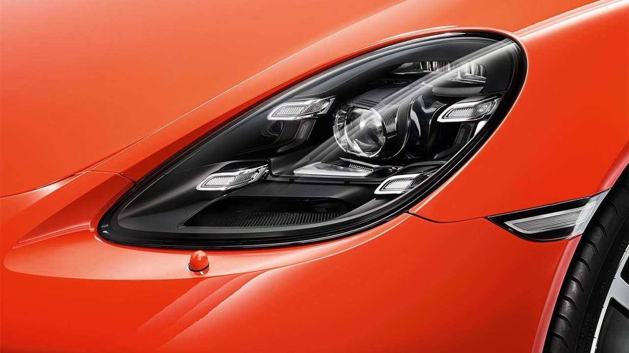 Кабриолет имеет очень привлекательный, динамичный и современный дизайн. Во многом он схож с третьей генерацией Бокстера. На «морде» расположилась головная оптика в строгом стиле, наполненная светодиодами и LED огнями. Изящность и элегантность подчеркивает передний бампер, в которые встроены огромные дефлекторы воздуховода.
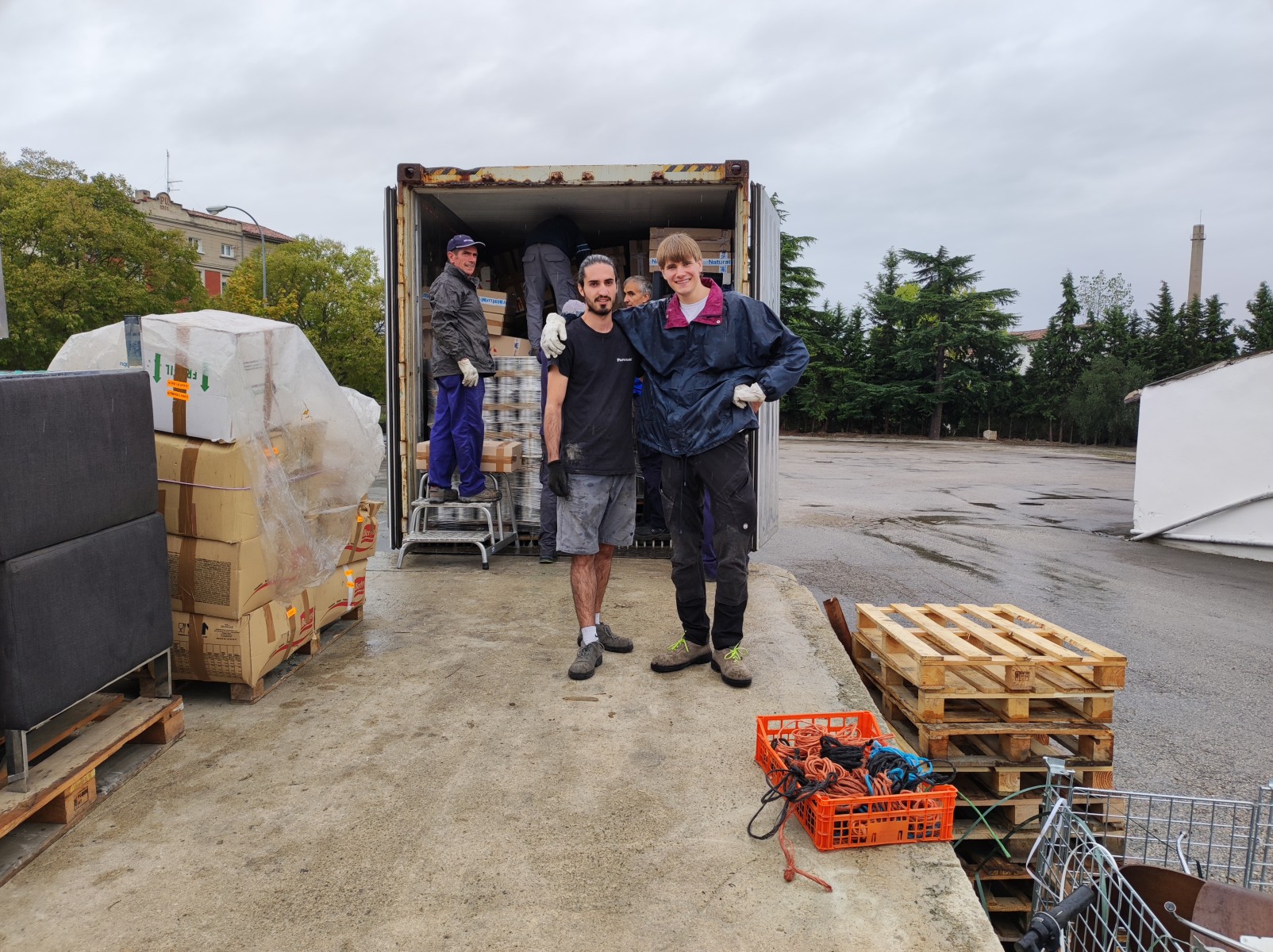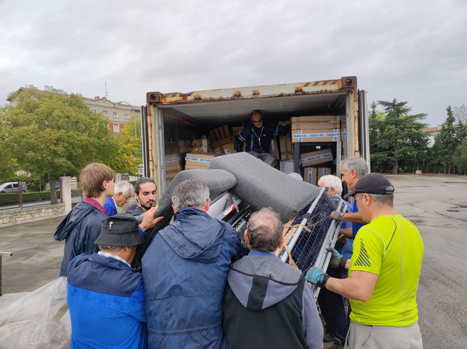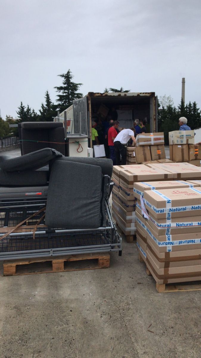 Se han cargado materiales como placas solares, materiales de amueblamiento escolar, herramientas y maquinaria para la construcción, puertas, sanitarios de baño, palés de comida, bicicletas, ropa, higiene, etc.
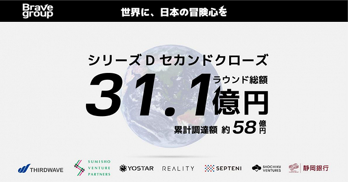 从2017年10月开始创业的Brave group,今年进行了两轮D轮融资,共筹集资金31.1亿日元,累计筹措金额达到大约58亿日元。
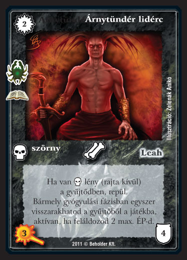 Szöveg: Ha van _él?holt lény (rajta kívül) a gy?jt?dben, repül. Bármely gyógyulási fázisban egyszer visszarakhatod a gy?jt?b?l a játékba, aktívan, ha feláldozod 2 max. ÉP-d.
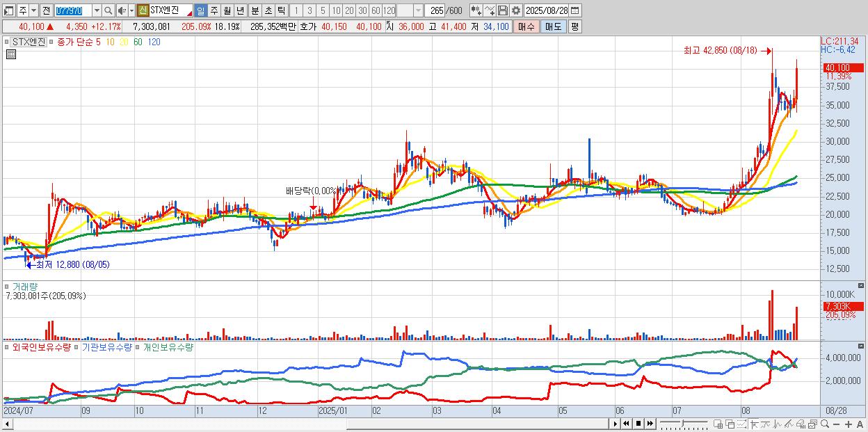 - STX엔진 (40,400원 ▲ 13.01% , 시총: 16,220억, 거래량: 3,899,919, 거래대금:1,527억)
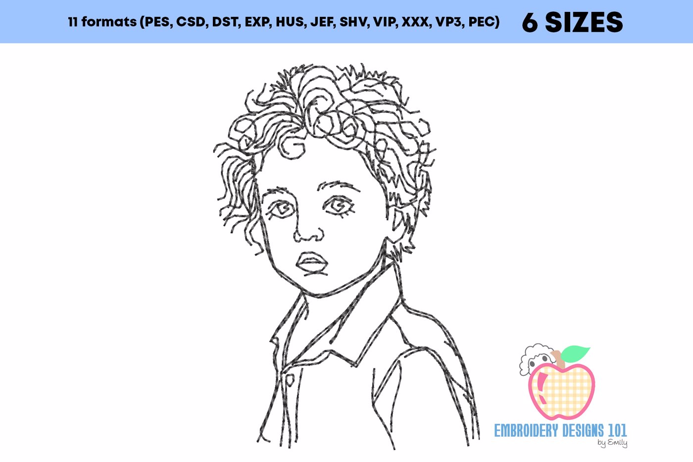 The .ZIP file will contain the following formats: .PES, .CSD, .DST, .EXP, .HUS, .JEF, .SHV, .VIP, .XXX, .VP3, .PEC
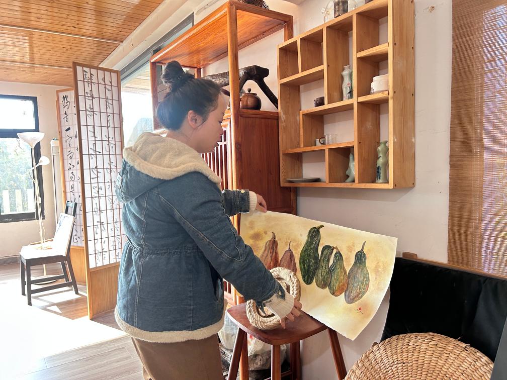 新华社武汉12月18日电(记者熊翔鹤)阳光透过窗棂,懒洋洋地落在画桌上。一只名为“莫奈”的玄猫躺在桌角,店主林一蓓收拾着颜料工具箱,准备开始一天的岩彩绘画创作。屋外,鸟雀啾鸣,微风轻拂草木,隔壁农户忙着为菜园松土。
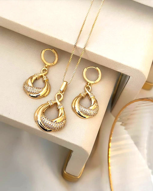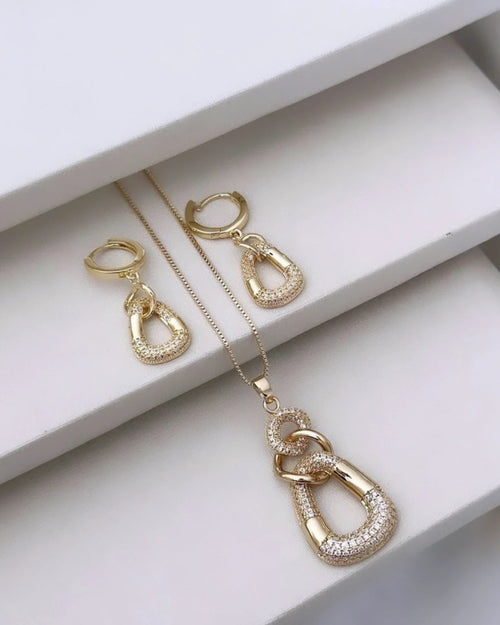 Conjunto Folheado a ouro 18k Entrelaçado cravejado.
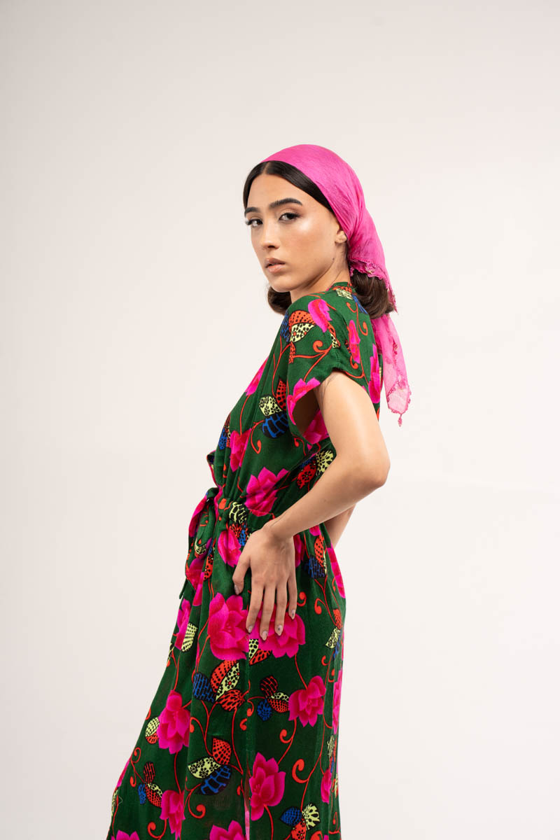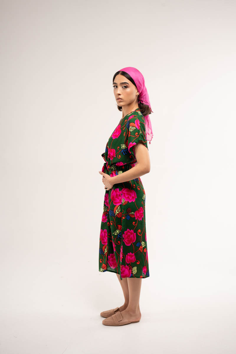 • Kullanım: Bel arkası lastikli önden bağlamalı elbise
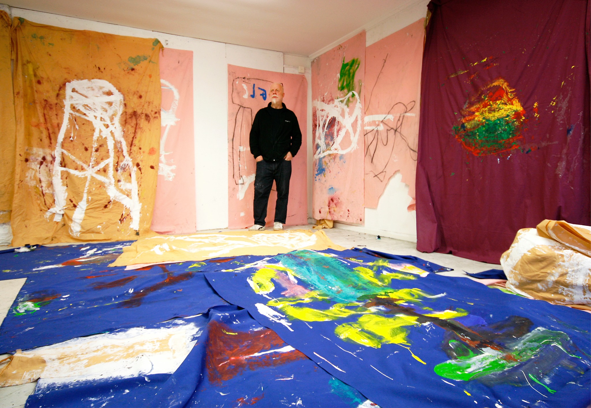 Ingvarsson’s artistic work stem from curiosity and an exploration of painting as a media, but also of the material that he works on. In the exhibition at Galerie Forsblom in Stockholm, Ingvarsson has painted on different kinds of textiles; sheets, fiber cloths, sun-blinds and more. Liberated from the traditional stretched and framed canvas, Ingvarsson’s paintings are unobstructed. With lightness he moves freely between figurative expressionism and abstraction.
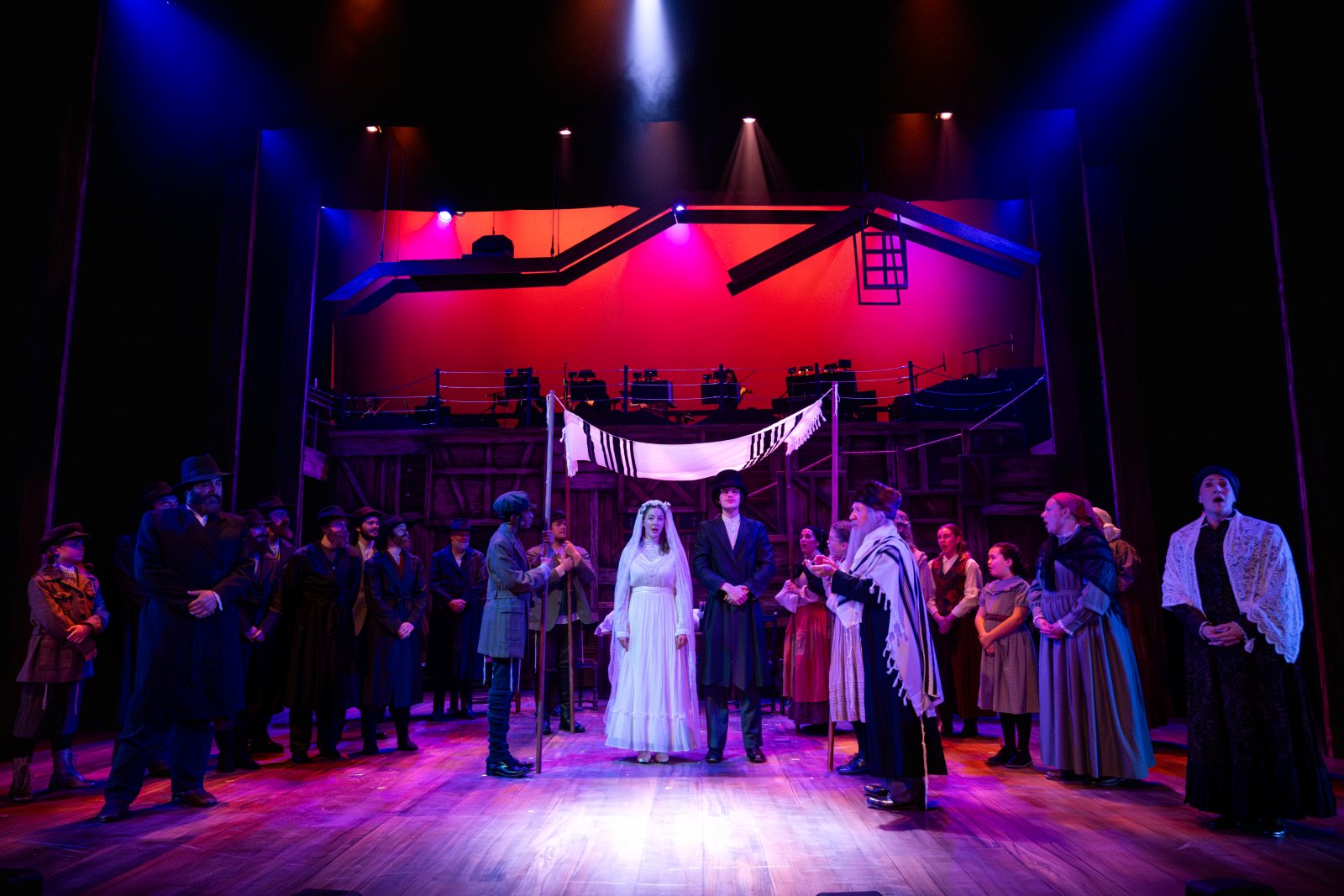 (I. to r.) Andrew Varela (Tevye), Erin Fricker (Tzeitel), Grayson Buesing (Motel), John Schneider (Rabbi), Janet Metz (Golde), and cast in Skylight Music Theatre’s production of Fiddler on the Roof running October 3-26, 2025. Photo by Mark Frohna.

§ **What you should do**
When you reach the line with "önden bağlamalı elbise" in the records above, start writing out each line exactly, and stop after the line with "Ingvarsson’s artistic work". Pictures stay out.

§ **Answer to this problem**
 • Kullanım: Bel arkası lastikli önden bağlamalı elbise
 Ingvarsson’s artistic work stem from curiosity and an exploration of painting as a media, but also of the material that he works on. In the exhibition at Galerie Forsblom in Stockholm, Ingvarsson has painted on different kinds of textiles; sheets, fiber cloths, sun-blinds and more. Liberated from the traditional stretched and framed canvas, Ingvarsson’s paintings are unobstructed. With lightness he moves freely between figurative expressionism and abstraction.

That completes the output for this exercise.